▸ **Exercise**: Filter the entries for the word "open". Copy each line that has it.

▸ **Given data**:
######
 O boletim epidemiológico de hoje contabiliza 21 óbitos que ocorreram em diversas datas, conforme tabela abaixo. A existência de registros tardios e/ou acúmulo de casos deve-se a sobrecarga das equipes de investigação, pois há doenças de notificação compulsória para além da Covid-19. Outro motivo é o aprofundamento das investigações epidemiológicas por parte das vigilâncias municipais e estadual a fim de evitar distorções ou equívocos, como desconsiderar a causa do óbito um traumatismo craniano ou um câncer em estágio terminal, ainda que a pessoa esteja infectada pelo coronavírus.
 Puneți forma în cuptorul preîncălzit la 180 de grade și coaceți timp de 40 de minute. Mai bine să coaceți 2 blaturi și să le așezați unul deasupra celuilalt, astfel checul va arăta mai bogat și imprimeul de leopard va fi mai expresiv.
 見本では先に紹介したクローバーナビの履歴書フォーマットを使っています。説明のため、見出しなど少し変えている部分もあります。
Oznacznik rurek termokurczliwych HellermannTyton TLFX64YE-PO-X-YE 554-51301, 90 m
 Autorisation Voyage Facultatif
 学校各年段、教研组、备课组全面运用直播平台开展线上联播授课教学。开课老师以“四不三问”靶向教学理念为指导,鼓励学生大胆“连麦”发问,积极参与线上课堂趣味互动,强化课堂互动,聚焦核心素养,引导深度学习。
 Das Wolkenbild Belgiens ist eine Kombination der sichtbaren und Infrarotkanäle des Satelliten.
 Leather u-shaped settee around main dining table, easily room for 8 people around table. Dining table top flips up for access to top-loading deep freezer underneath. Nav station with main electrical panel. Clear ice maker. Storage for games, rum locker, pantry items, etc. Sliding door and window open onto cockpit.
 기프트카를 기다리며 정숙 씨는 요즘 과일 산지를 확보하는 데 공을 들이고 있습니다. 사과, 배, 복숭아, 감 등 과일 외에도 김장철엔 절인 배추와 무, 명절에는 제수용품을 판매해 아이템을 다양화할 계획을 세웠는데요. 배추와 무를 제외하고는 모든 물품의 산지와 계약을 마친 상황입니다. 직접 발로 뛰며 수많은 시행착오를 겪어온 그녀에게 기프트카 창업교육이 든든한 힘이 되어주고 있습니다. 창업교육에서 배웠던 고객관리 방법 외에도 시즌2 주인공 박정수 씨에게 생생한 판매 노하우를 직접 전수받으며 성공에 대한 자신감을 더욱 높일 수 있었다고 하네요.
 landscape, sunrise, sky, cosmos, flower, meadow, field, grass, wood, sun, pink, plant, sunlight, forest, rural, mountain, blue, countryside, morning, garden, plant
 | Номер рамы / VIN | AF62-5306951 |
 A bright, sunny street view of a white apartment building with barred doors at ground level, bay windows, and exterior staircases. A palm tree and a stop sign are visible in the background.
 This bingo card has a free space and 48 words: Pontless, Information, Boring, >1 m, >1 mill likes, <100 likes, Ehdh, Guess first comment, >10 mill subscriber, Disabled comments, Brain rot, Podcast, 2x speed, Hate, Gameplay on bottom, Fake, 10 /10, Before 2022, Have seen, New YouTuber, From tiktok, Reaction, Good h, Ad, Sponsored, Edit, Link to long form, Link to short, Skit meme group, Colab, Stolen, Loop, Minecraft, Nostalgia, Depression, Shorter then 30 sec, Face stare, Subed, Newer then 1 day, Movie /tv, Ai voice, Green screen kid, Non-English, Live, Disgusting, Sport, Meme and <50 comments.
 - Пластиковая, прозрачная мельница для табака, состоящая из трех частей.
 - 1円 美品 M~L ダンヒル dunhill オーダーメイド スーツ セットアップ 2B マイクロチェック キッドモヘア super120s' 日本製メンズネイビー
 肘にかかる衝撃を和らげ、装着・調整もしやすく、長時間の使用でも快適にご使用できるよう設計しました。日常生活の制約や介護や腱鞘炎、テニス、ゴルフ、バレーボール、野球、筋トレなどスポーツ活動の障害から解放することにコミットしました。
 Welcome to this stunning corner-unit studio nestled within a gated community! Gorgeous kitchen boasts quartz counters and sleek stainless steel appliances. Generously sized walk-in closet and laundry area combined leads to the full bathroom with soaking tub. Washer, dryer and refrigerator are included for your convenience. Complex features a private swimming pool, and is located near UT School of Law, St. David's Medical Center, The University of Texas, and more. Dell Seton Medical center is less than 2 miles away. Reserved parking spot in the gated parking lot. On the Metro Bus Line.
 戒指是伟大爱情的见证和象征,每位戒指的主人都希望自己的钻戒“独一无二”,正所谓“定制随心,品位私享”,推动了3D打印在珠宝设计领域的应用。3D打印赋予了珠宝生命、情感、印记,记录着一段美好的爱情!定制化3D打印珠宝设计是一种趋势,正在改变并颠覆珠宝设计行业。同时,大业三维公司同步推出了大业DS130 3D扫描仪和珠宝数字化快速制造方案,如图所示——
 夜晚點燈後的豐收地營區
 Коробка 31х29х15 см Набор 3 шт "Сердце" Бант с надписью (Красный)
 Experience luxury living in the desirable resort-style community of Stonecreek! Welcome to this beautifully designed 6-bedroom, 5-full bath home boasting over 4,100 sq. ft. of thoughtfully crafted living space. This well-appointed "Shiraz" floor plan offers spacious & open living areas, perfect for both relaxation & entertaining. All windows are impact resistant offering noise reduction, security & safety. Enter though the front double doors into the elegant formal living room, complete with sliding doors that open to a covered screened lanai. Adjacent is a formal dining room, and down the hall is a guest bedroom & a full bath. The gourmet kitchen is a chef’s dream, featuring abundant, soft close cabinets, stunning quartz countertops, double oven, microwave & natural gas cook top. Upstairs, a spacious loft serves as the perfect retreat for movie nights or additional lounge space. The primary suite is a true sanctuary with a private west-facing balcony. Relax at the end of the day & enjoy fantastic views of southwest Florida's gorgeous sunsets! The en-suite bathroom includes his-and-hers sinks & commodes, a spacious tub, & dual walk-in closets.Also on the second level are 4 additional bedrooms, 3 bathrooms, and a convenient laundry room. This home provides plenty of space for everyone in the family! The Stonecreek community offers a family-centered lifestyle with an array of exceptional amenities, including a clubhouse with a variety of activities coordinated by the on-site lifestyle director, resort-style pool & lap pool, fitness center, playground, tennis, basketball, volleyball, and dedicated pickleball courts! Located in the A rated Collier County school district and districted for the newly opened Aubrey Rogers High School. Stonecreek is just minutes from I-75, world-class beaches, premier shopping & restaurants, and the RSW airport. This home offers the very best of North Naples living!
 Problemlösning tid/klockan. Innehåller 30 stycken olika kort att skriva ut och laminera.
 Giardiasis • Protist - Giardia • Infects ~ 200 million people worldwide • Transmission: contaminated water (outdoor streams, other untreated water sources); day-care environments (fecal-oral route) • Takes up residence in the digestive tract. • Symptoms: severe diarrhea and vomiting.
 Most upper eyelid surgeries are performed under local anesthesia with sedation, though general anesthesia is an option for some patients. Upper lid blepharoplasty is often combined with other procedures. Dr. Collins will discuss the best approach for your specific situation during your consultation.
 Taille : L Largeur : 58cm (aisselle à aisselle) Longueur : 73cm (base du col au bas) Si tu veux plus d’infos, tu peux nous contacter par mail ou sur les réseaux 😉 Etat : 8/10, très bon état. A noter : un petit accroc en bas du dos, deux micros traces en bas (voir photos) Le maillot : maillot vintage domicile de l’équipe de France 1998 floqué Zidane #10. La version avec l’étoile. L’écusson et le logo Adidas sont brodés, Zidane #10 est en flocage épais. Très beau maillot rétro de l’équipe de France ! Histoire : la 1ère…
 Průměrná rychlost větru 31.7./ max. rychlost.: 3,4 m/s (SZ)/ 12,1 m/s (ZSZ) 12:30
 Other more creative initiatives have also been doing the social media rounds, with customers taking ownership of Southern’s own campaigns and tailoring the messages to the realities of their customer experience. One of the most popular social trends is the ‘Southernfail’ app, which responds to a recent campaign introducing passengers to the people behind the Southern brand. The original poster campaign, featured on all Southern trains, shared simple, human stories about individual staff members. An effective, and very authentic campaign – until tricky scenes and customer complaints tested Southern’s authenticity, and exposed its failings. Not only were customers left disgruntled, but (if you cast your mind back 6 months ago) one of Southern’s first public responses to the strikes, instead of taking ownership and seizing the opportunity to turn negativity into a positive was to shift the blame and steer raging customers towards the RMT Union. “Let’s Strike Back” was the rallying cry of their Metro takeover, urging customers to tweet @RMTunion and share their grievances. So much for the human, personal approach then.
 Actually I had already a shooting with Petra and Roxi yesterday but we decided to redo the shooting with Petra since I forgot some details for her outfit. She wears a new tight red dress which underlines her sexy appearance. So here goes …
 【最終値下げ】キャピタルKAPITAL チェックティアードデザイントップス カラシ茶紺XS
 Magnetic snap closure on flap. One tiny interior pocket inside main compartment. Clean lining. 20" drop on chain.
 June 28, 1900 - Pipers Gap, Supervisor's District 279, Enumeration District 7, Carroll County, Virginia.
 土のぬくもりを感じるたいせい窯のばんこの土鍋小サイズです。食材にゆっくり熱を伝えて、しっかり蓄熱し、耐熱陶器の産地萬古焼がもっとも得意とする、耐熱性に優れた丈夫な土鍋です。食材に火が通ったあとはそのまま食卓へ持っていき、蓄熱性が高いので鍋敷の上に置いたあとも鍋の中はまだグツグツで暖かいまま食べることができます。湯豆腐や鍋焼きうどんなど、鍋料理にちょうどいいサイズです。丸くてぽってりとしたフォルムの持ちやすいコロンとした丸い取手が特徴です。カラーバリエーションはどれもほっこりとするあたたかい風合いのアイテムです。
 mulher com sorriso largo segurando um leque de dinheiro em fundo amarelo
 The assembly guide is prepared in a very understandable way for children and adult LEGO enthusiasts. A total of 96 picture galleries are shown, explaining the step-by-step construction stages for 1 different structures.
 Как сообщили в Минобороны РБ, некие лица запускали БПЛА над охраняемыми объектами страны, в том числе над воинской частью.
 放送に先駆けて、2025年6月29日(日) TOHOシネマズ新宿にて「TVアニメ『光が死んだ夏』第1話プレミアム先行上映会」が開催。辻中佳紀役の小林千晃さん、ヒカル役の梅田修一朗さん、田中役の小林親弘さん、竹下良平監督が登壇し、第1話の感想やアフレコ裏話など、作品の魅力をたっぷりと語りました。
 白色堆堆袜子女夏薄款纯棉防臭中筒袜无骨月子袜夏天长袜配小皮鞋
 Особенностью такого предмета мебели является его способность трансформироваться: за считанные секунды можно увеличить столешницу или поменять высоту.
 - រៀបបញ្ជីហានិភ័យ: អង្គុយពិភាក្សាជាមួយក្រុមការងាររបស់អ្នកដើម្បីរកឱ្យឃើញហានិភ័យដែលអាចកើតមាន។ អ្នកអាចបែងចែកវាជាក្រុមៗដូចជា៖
######
▸ **Expected answer**:
 Leather u-shaped settee around main dining table, easily room for 8 people around table. Dining table top flips up for access to top-loading deep freezer underneath. Nav station with main electrical panel. Clear ice maker. Storage for games, rum locker, pantry items, etc. Sliding door and window open onto cockpit.
 Experience luxury living in the desirable resort-style community of Stonecreek! Welcome to this beautifully designed 6-bedroom, 5-full bath home boasting over 4,100 sq. ft. of thoughtfully crafted living space. This well-appointed "Shiraz" floor plan offers spacious & open living areas, perfect for both relaxation & entertaining. All windows are impact resistant offering noise reduction, security & safety. Enter though the front double doors into the elegant formal living room, complete with sliding doors that open to a covered screened lanai. Adjacent is a formal dining room, and down the hall is a guest bedroom & a full bath. The gourmet kitchen is a chef’s dream, featuring abundant, soft close cabinets, stunning quartz countertops, double oven, microwave & natural gas cook top. Upstairs, a spacious loft serves as the perfect retreat for movie nights or additional lounge space. The primary suite is a true sanctuary with a private west-facing balcony. Relax at the end of the day & enjoy fantastic views of southwest Florida's gorgeous sunsets! The en-suite bathroom includes his-and-hers sinks & commodes, a spacious tub, & dual walk-in closets.Also on the second level are 4 additional bedrooms, 3 bathrooms, and a convenient laundry room. This home provides plenty of space for everyone in the family! The Stonecreek community offers a family-centered lifestyle with an array of exceptional amenities, including a clubhouse with a variety of activities coordinated by the on-site lifestyle director, resort-style pool & lap pool, fitness center, playground, tennis, basketball, volleyball, and dedicated pickleball courts! Located in the A rated Collier County school district and districted for the newly opened Aubrey Rogers High School. Stonecreek is just minutes from I-75, world-class beaches, premier shopping & restaurants, and the RSW airport. This home offers the very best of North Naples living!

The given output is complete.